The Obama administration looks to be taking its Medicaid hardball tactics to Texas.
The Centers for Medicare and Medicaid Services indicated to Texas officials Thursday that whether the state expands Medicaid under the Affordable Care Act would factor into the renewal of a multibillion-dollar Medicaid funding stream next year, according to state officials.
Federal officials requested a call with the Texas Health and Human Services Commission, during which they outlined their position, Linda Edwards Gockel, a spokeswoman for the Texas health agency, said in an email to National Journal.
The call came the same day that Florida Gov.

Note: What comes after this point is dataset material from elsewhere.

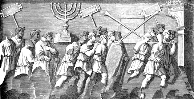 Description: An image showing the destruction of the temple after the fall of Jerusalem, and the subsequent looting, with the temple’s treasures being taken back to Rome. This image is taken from the inside wall of the Arch of Titus in Rome.

Rick Scott said he would sue the Obama administration, accusing CMS of pushing the state to expand Medicaid by leveraging $1 billion in federal Medicaid funding, which is up for renewal this summer and helps cover some uncompensated care.
CMS said in a letter to Florida this week that one of the three principles it would use to evaluate the program, known as the Low-Income Pool, was that “uncompensated care pool funding should not pay for costs that would be covered in a Medicaid expansion.”
In the phone call with Texas officials, “CMS said they recognize each state is different, but they intend to use the same three principles outlined in their letter to Florida as they evaluate uncompensated care funding pools in all states,” Edwards Gockel said. “We don’t have more details than that at this point.”
A CMS spokesman confirmed that the agency would use the principles outlined in the Florida letter, which include a state’s Medicaid expansion status, when reviewing uncompensated-care funding pools in other states like Texas.
“We will also use these principles in considering similar proposals in other states,” CMS spokesman Aaron Albright said in an email, “but discussions with each state will also take into account state specific circumstances.”
Texas’s uncompensated-care funding pool, part of a broader Medicaid waiver, is coming up for renewal in September 2016. According to the Texas Hospital Association, the program provides more than $3 billion to Texas hospitals for uncompensated care.
The Lone Star State is the biggest state not to expand Medicaid under Obamacare; about 950,000 low-income Texans would receive health coverage if the state did accept the expansion.